6. Add Recommendations on the Shopping Cart Page
An effective way of increasing the average quantity and quality of orders is adding recommending products related to a certain cart on Cart Pages.
These kind of recommendations will be effective since they find the customer in a good psychological state, when they are willing to purchase. Therefore, there is a probability that they will say “yes” to your suggestion.
However, some brands fail in the usage of this recommendation, and the example with Zalando is a bright depiction of it. When you choose a pair of winter boots, in the shopping cart page it suggests boots even cheaper. It’s a misuse of the recommender engine since it makes the customers have hesitations on their choice.
Amazon uses this tool intelligently, and there is a lot more to learn from it. They mix several strategies to gain maximal profit from the purchase. It uses the following strategies in one page which is proved to be effective:
- Other products
- Recommended products in the Amazon shopping cart
When opting for a Beach sandwich maker, it also suggests sandwich knife, omelet maker, breakfast sandwich in the Frequently Bought section. In Customers who bought this, also bought this… section it recommends Microwavable omelet maker, Import company Avo saver and so on.
7. Frequently bought together
Another highly productive type of recommender is “Frequently bought together”, displaying on cart pages. Here the checkout process should direct the customers to the cart page where real recommendations are displayed for any cart page recommendation to give results. From the other hand, it’s a data-heavy technique requiring much more forts and user information.
The layout of the page plays a crucial role as well. You can provide great results and insights through A/B testing various designs and layouts if having enough time and resources.
For instance, Netflix widely uses this testing method for home screen layouts, featured shows and so on. It’s beyond doubt that there is much more to learn from them.
8. Recently viewed
Actually, there is no need of in-depth data about your customers for implementing this recommender engine. It’s based on products that somebody has been engaged with while browsing your site.
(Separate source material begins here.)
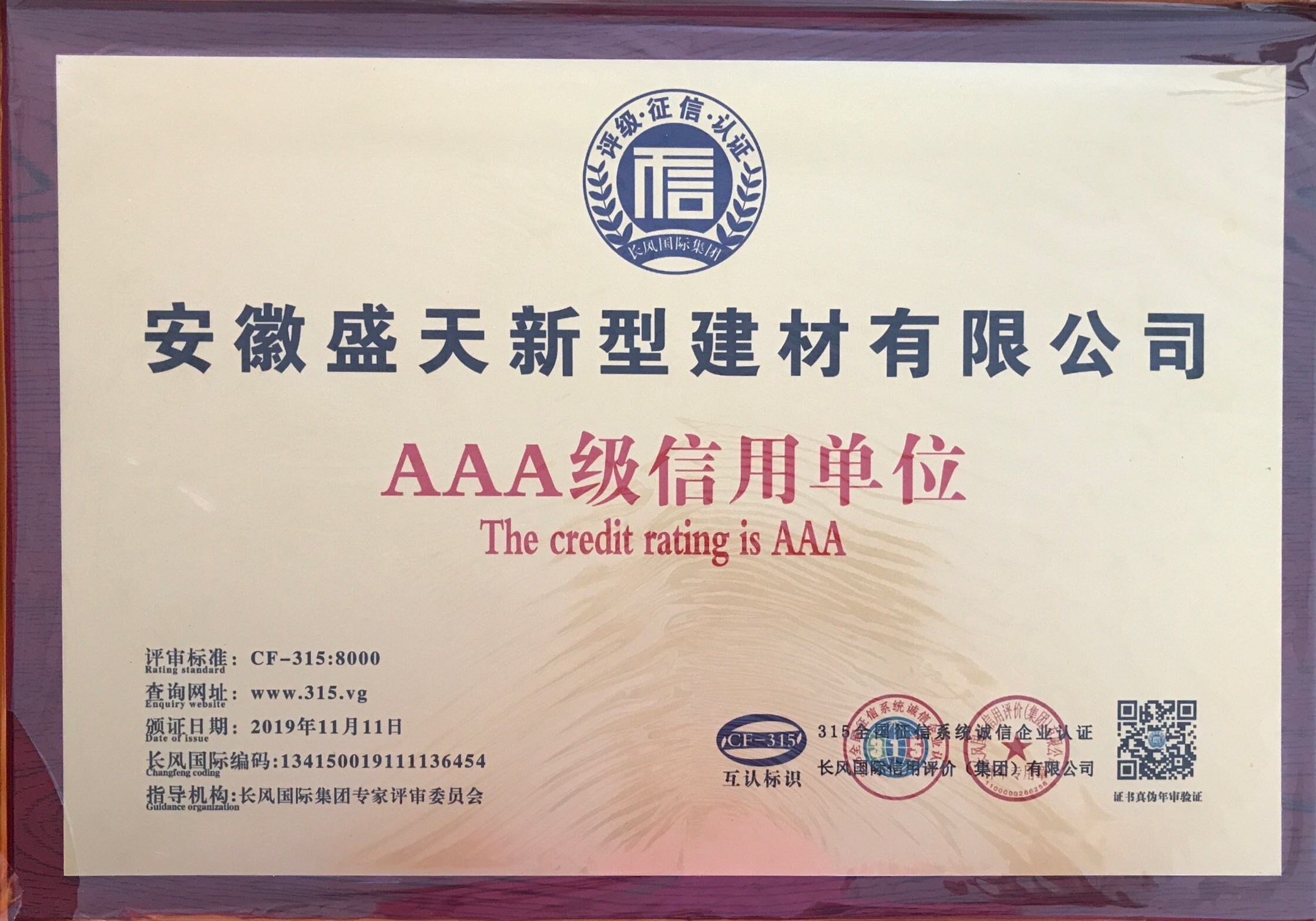 安徽盛天資信等級(jí)被評(píng)為AAA級(jí),被列為“重合同 守信用”單位。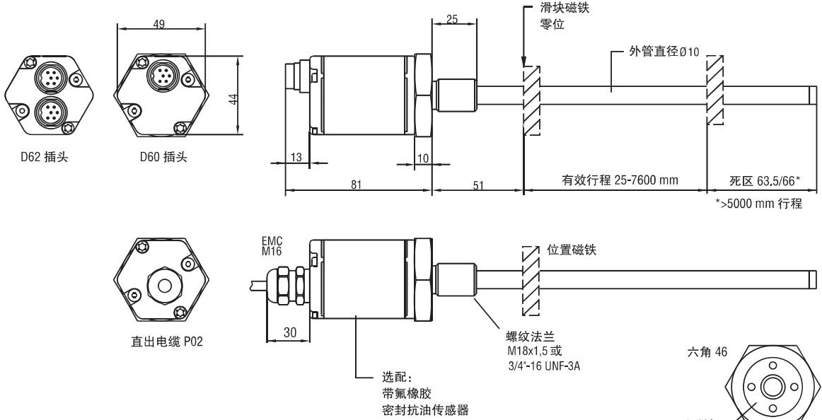 RH 耐壓外管 | 傳感器頭:鋁 傳感桿和法蘭:304 L 不銹鋼 外管壓力:350 bar / 690 bar (峰值) 位置磁鐵:環(huán)形磁鐵,浮動磁鐵或浮球 |

You may use this technique for browsing abandonment emails and retargeting campaign. The core of this engine type is sending an email reminder to a customer who has been distracted while shopping. Reminding your visitors to come back and continue shopping is a good way of driving conversion to the website.
Generally, the ideas, techniques, and tactics covered in this article are not all. It’s like a food for generating new approaches to store owners and managers who plan to implement a recommendation engine or take their business to the next level. With the bunch of available recommendation engines out there, you can start testing your ideas immediately and see the first-hand results.